▶ What is expected: Restate every record exactly as it is written, while omitting the pictures it holds.

▶ Data listing:

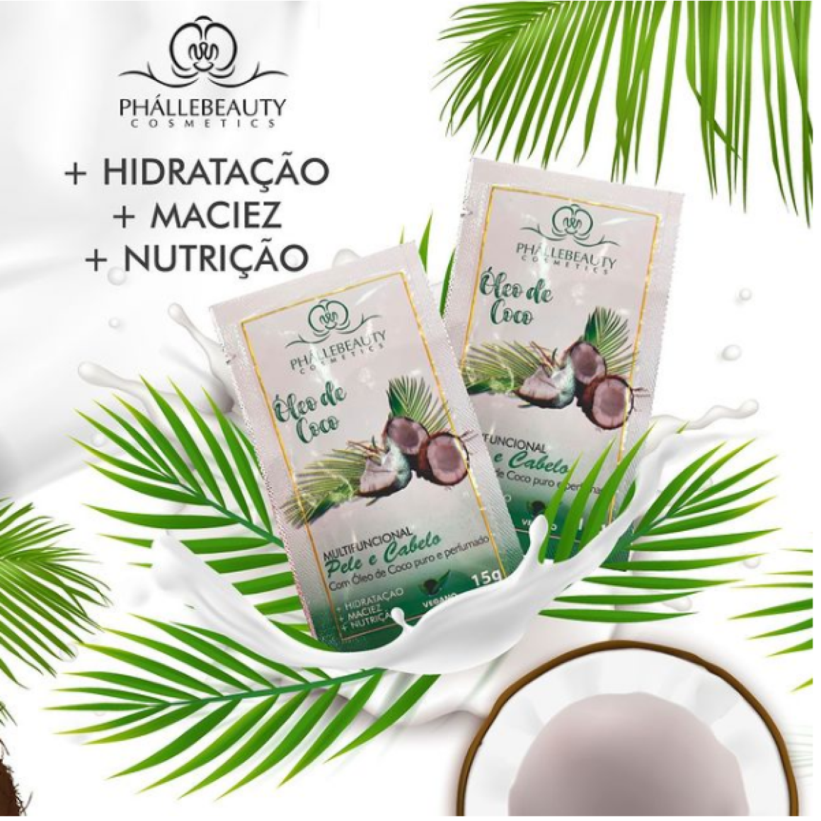 O Óleo de Coco Phállebeauty foi desenvolvido com uma fórmula concentrada em nutrientes que proporcionam alto poder de hidratação, maciez e nutrição, tanto para a pele quanto para os cabelos. Para os cabelos funciona como agente mega umectante para os fios, já na pele ele atua prevenindo o ressecamento.
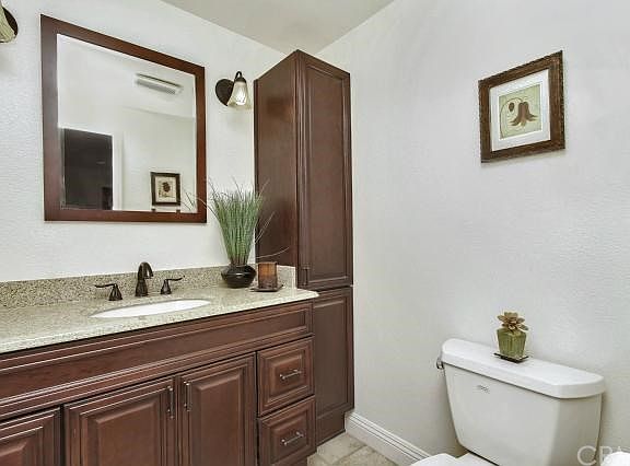 Single Family Home located at the end of a cul-de-sac street . High vaulted ceilings in living room gives a light and airy feel to this fabulous home. Formal dining room open to the living room. Separate family room also located on the main floor with romantic fireplace and French doors leading to the back patio. All kitchen appliances are upgraded stainless steel and cabinets have been recently refinished. Fresh paint throughout the entire house. Beautiful dark laminate hardwood floors. Main floor powder room totally upgraded. Separate inside laundry room. Up stairs a large master bedroom with lots of light and high ceilings. Large walk in closet. Two other large bedrooms and an additional full bath. Two car attached garage plus room on the driveway to park additional cars. Low HOA's and No Mello Roos. Excellent schools in the area. Lots of shopping and nature trails close by. Call Lynne Suzanski 949-422-1416.
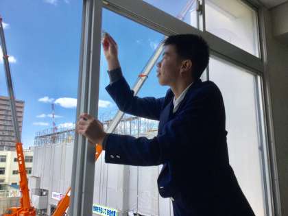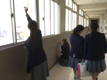 廊下ではアルミサッシのガラスや窓枠を磨いている人も多く見かけました。
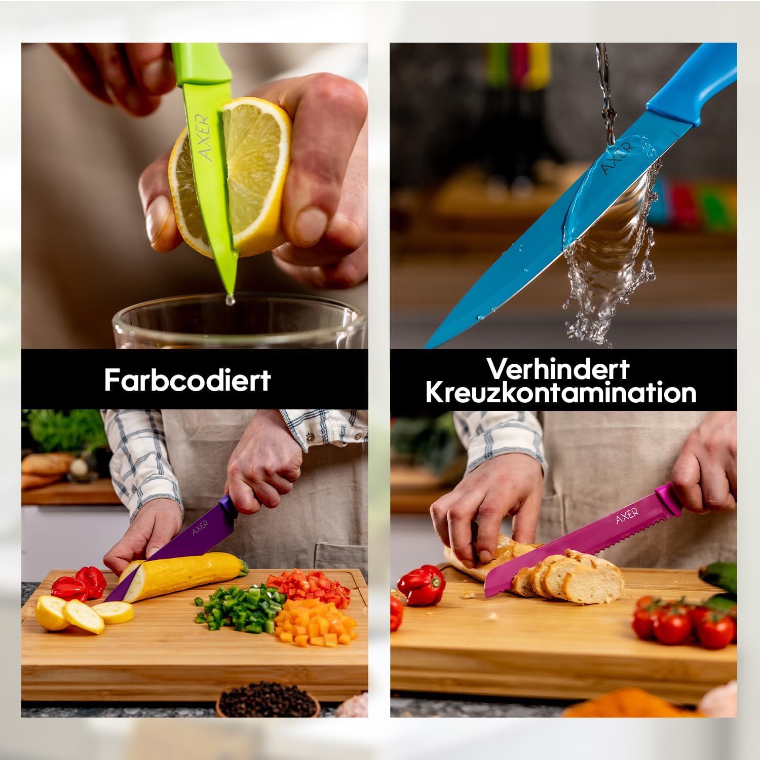 - 🔪 FARBCODIERUNG - Die Küchenmesser verfügen über mehrfarbige Beschichtungen, die einen besseren Schutz vor Rost bieten und das Risiko einer Kreuzkontamination verringern
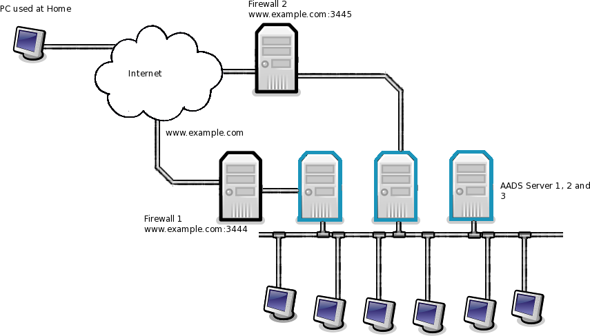 - Firewall 1 forwards port 3444 to the SSL Gateway on AADS Terminal Server 1.

▶ Task solution:
 O Óleo de Coco Phállebeauty foi desenvolvido com uma fórmula concentrada em nutrientes que proporcionam alto poder de hidratação, maciez e nutrição, tanto para a pele quanto para os cabelos. Para os cabelos funciona como agente mega umectante para os fios, já na pele ele atua prevenindo o ressecamento.
 Single Family Home located at the end of a cul-de-sac street . High vaulted ceilings in living room gives a light and airy feel to this fabulous home. Formal dining room open to the living room. Separate family room also located on the main floor with romantic fireplace and French doors leading to the back patio. All kitchen appliances are upgraded stainless steel and cabinets have been recently refinished. Fresh paint throughout the entire house. Beautiful dark laminate hardwood floors. Main floor powder room totally upgraded. Separate inside laundry room. Up stairs a large master bedroom with lots of light and high ceilings. Large walk in closet. Two other large bedrooms and an additional full bath. Two car attached garage plus room on the driveway to park additional cars. Low HOA's and No Mello Roos. Excellent schools in the area. Lots of shopping and nature trails close by. Call Lynne Suzanski 949-422-1416.
 廊下ではアルミサッシのガラスや窓枠を磨いている人も多く見かけました。
 - 🔪 FARBCODIERUNG - Die Küchenmesser verfügen über mehrfarbige Beschichtungen, die einen besseren Schutz vor Rost bieten und das Risiko einer Kreuzkontamination verringern
 - Firewall 1 forwards port 3444 to the SSL Gateway on AADS Terminal Server 1.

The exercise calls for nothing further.